Long and continuing experience indicates clearly that the most productive use of time in such work is that dedicated to data preparation. I apologize if this seems like an old topic to the reader, but it is an important lesson which seems to be forgotten annually, as each new technical development presents itself. A surprising number of authors- particularly the on-line variety- come to the conclusion that "the latest thing"* will spare us from needing to prepare and enhance the data.

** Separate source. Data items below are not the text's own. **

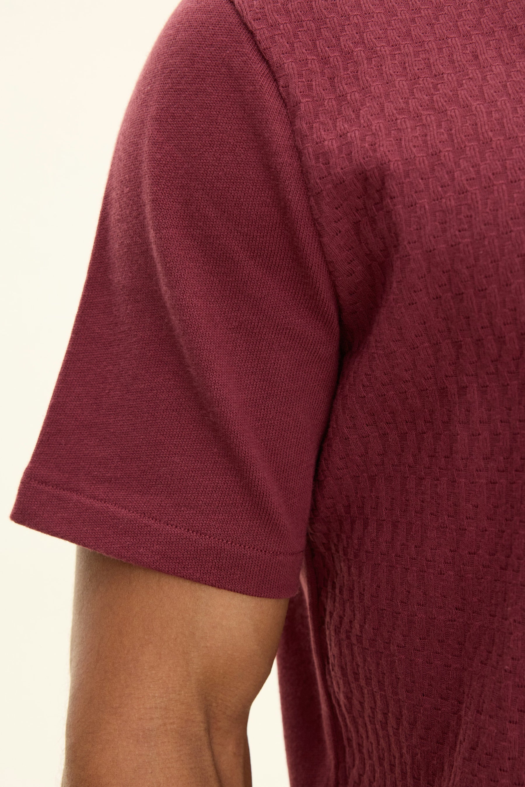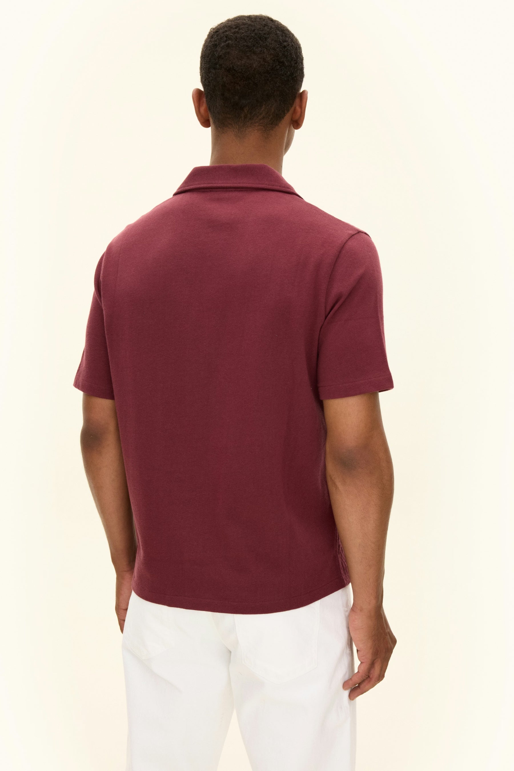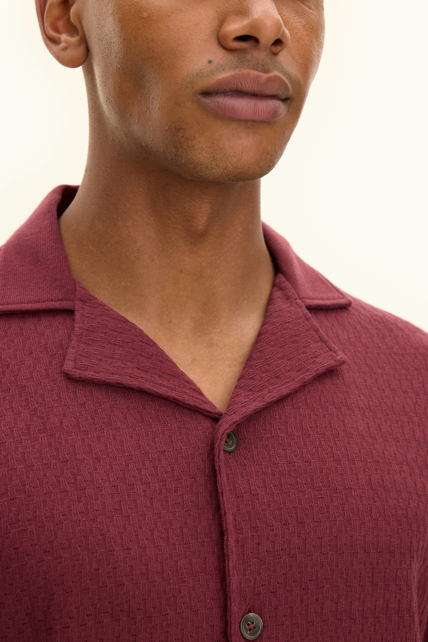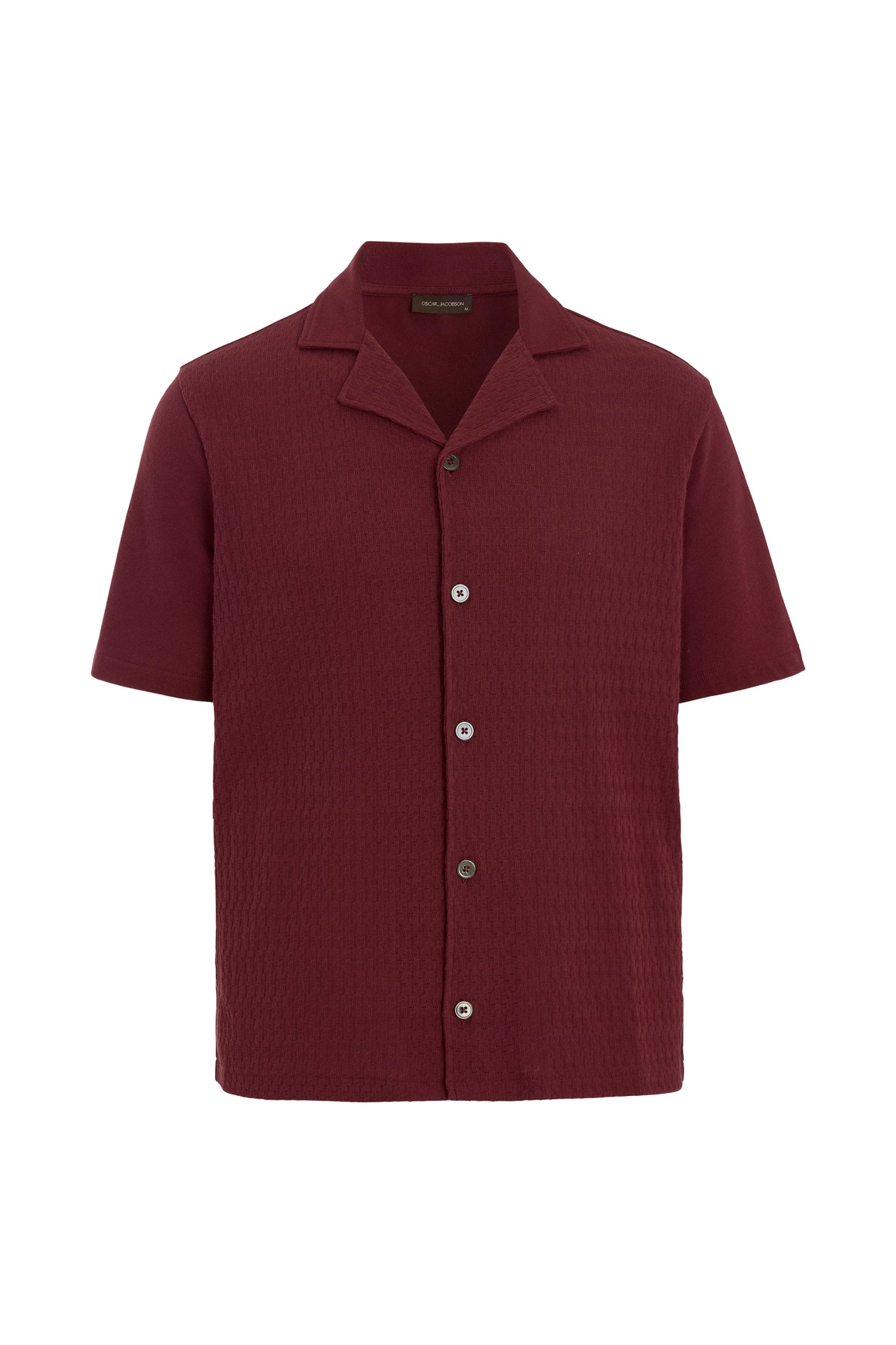 This short-sleeved cotton knit shirt, made from cotton jersey with a finely structured front, has mother-of-pearl buttons for a sophisticated touch. The shirt is both comfortable and airy – ideal for warm summer days.
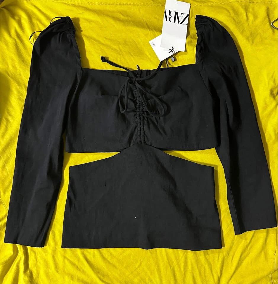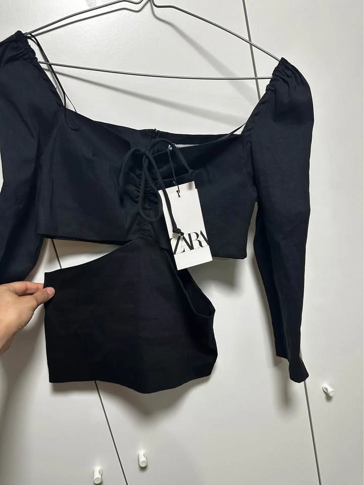 10BNWT Zara side cut out linen blend top. Size :- Xs Color :- Black
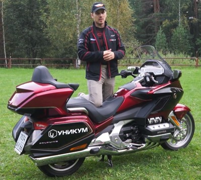 A motorcycle for long journeys. In terms of ride comfort, it is comparable to a business class car. Automatic transmission with two clutches, works smoothly, puts the unit in neutral by itself. There is a handbrake, like a car. Reverse + button press gives autonomous back and forth driving. You can start the "Golda" without a key, by turning the lever, as in a receiver to adjust the sound. The steering wheel is locked in the same way. Wardrobe trunks can be opened without a key. The luggage compartment has a place for storing and transporting your phone, you can leave your helmet without carrying it with you every time. The checkpoint can be completely transferred to manual control. Controllability is comparable to that of a car with an automatic transmission. You can set different driving modes: tourist, sports, city, to save fuel consumption. The anatomical fit of the saddle prevents fatigue on the road.
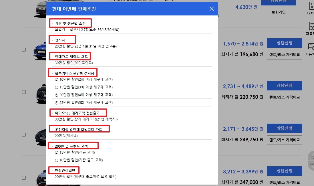 ▼현대자동차의 승용차 모델 중 하나인 아반떼의 2022년 2월 판매조건이 정리된 표가 나타났습니다. 일정 조건을 준수하면 가격표에 명시된 금액에서 추가로 할인을 받을 수 있습니다.

I offer, as yet another data point in favor of this perspective a recent conversation I had with a colleague. He and a small team conducted parallel modeling efforts for a shared client. Using the same base data, they constructed separate predictive models. His model and theirs achieved similar test performance. The team used a random forest, while he used logistic regression, one of the simplest modeling techniques. The team was perplexed at the similarity in model performance. My associate asked them how they had handled missing values. They responded that they filled them in. He asked exactly how they had filled the missing values. The response was that they set them all to zeros (!). By not taking the time and effort to comprehensively address this issue, they had forced their model to do the significant extra work of filling in these gaps itself. Consider that some fraction of their data budget was spent on fixing this mistake, rather than being used to create a better model. Note, too, that it is far easier (less code, less input variables to monitor, less to go wrong) to deploy a modestly-sized logistic regression than any random forest.

Given this context, it is curious to note that so much of what is published (again, especially on-line; think of titles such as: "The 10 Learning Algorithms Every Data Scientist Must Know") and so many job listings emphasize- almost to the point of exclusivity- learning algorithms, as opposed to practical questions of data sampling, data preparation and enhancement, variable reduction, solving the business problem (instead of the technical one) or ability to deploy the final product.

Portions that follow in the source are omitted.